▶ **SOURCE DATA**:
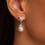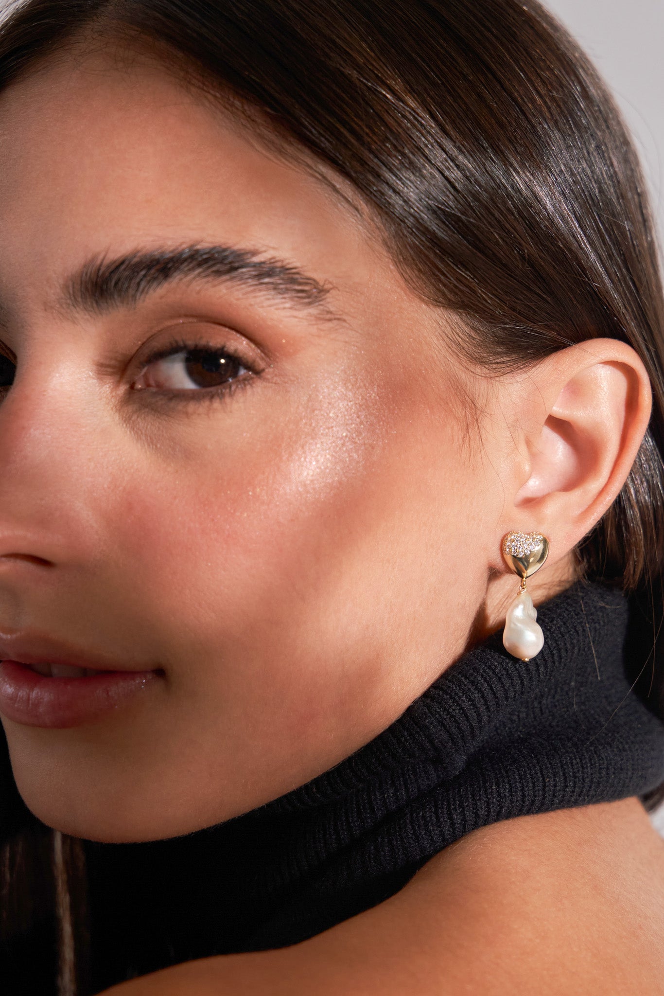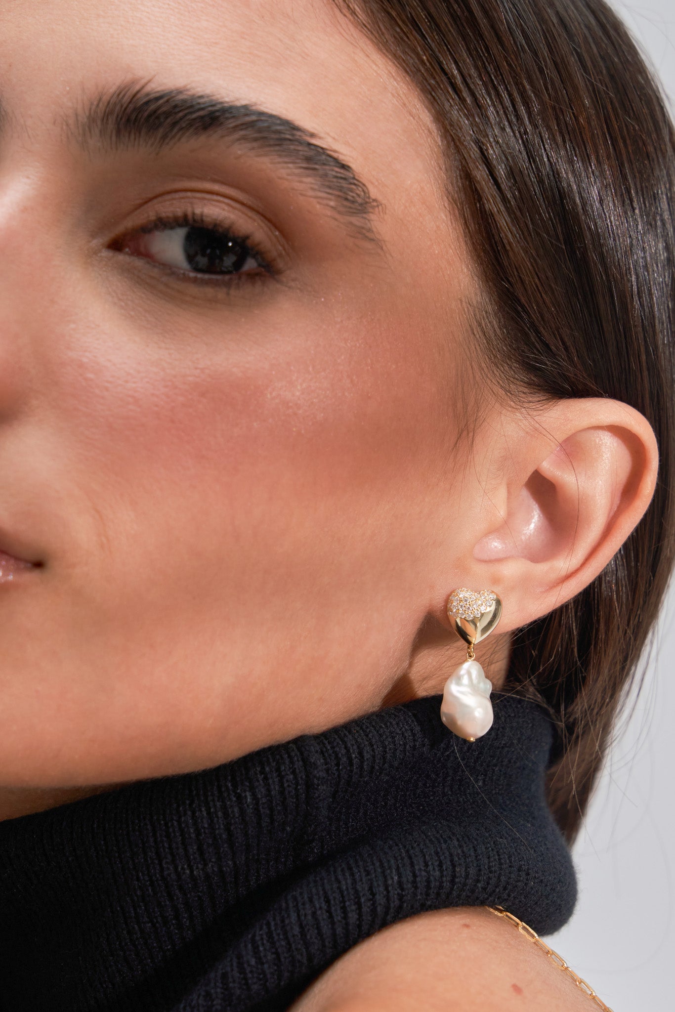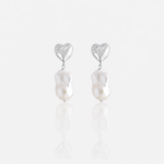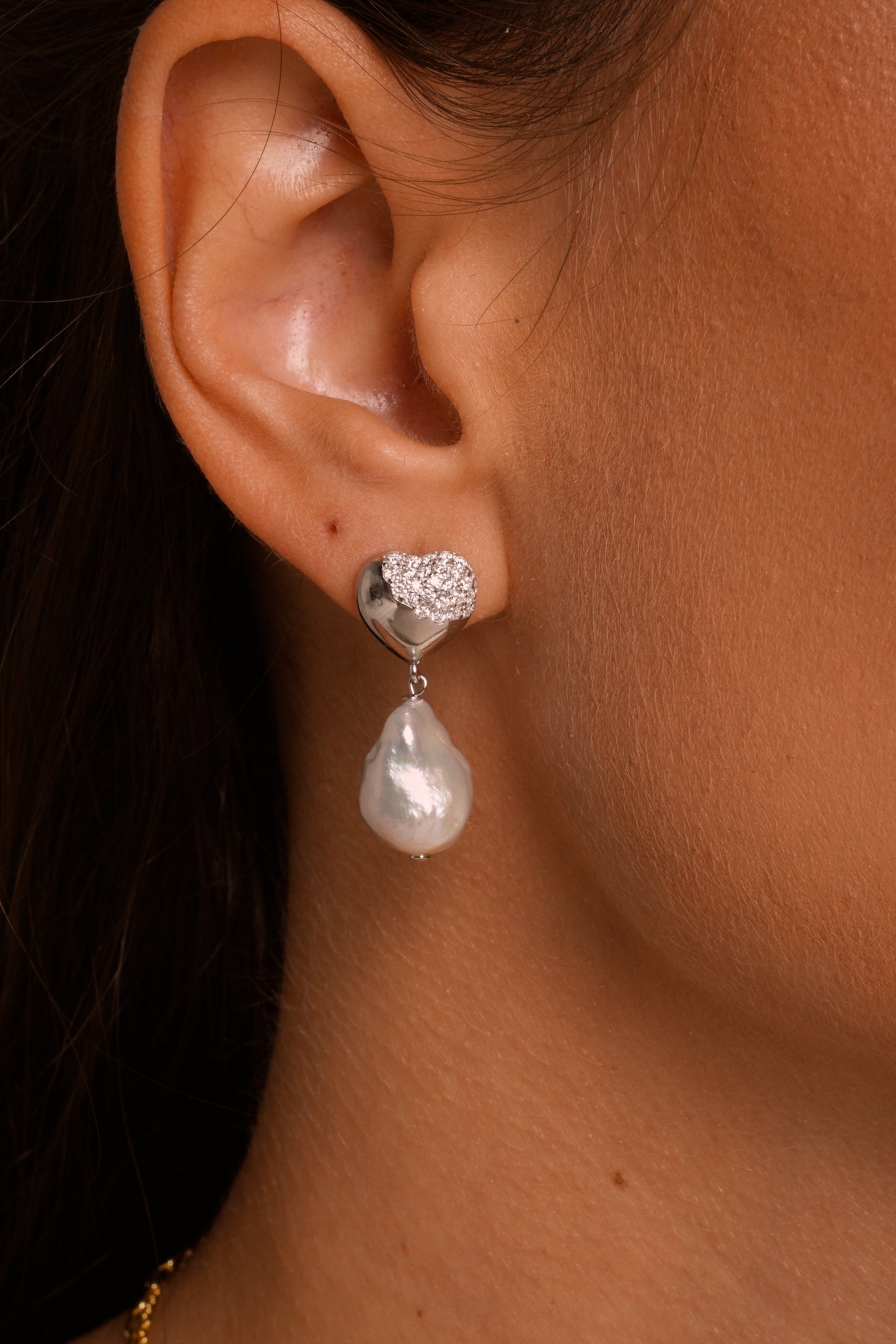 Design: Heart-shaped studs with pavé moissanite that gently transition into irregular baroque pearl drops, creating a romantic, sculptural silhouette.
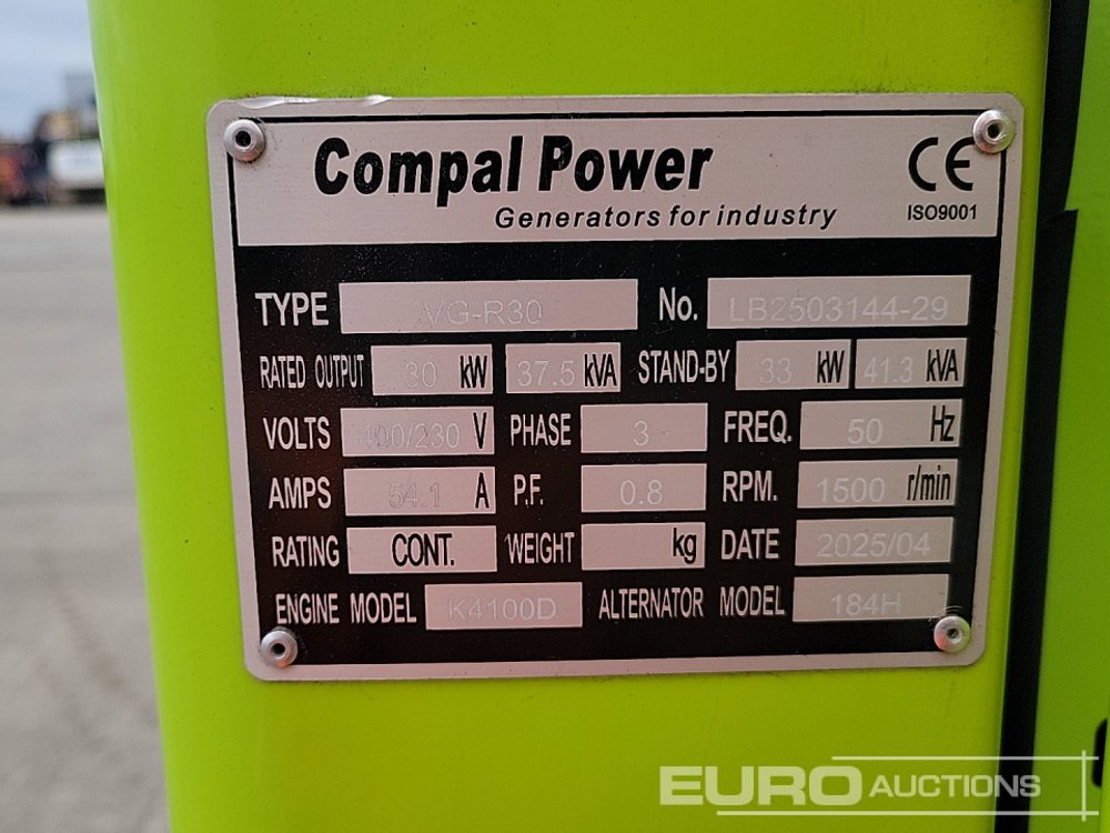 Compal Power VG-R30 37.5kVA Generator, 4 Cylinder Engine - LB250314429
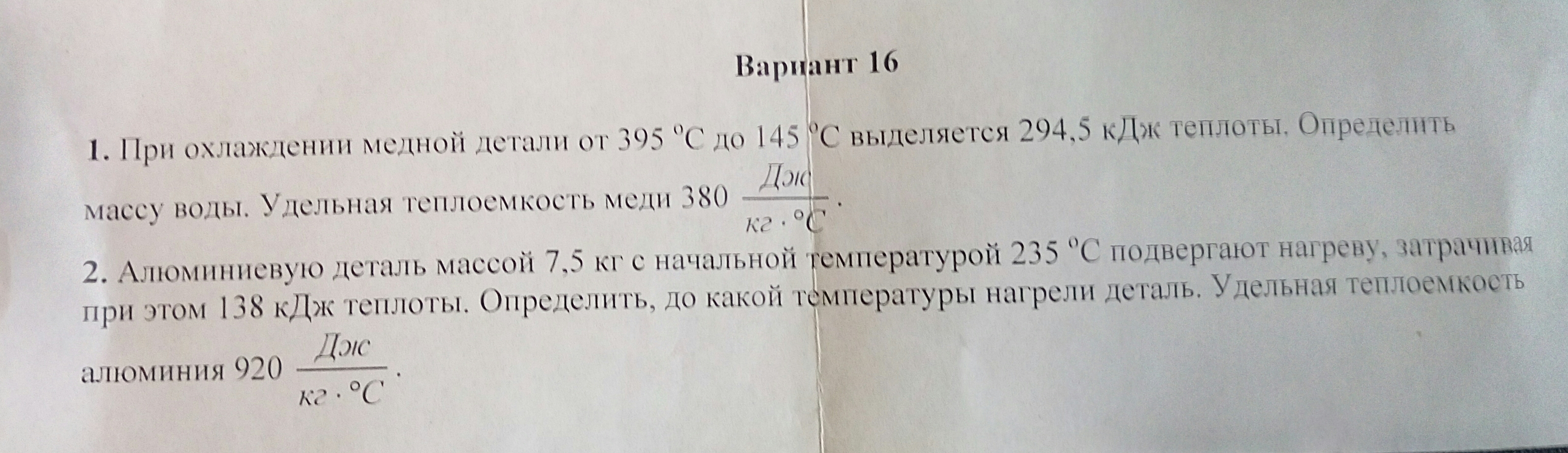 Q=cmΔT => m=Q/cΔT=294.5⋅10^3/380⋅(395-145)=294.5⋅10^3/380⋅250=294.5⋅10^3/95⋅10^3=3.1кг. Q=cmΔT => Q=cm(t-t0) => t-t0=Q/cm => t-235=138⋅10^3/7.5⋅920=138⋅10^3/6.9⋅10^3=20 => t=20+t0=20+235=255

▶ **HOW TO COMPLETE THIS TASK**:
Give the listing again exactly, excluding pictures.

▶ **ANSWER SPACE**:
 Design: Heart-shaped studs with pavé moissanite that gently transition into irregular baroque pearl drops, creating a romantic, sculptural silhouette.
 Compal Power VG-R30 37.5kVA Generator, 4 Cylinder Engine - LB250314429
 Q=cmΔT => m=Q/cΔT=294.5⋅10^3/380⋅(395-145)=294.5⋅10^3/380⋅250=294.5⋅10^3/95⋅10^3=3.1кг. Q=cmΔT => Q=cm(t-t0) => t-t0=Q/cm => t-235=138⋅10^3/7.5⋅920=138⋅10^3/6.9⋅10^3=20 => t=20+t0=20+235=255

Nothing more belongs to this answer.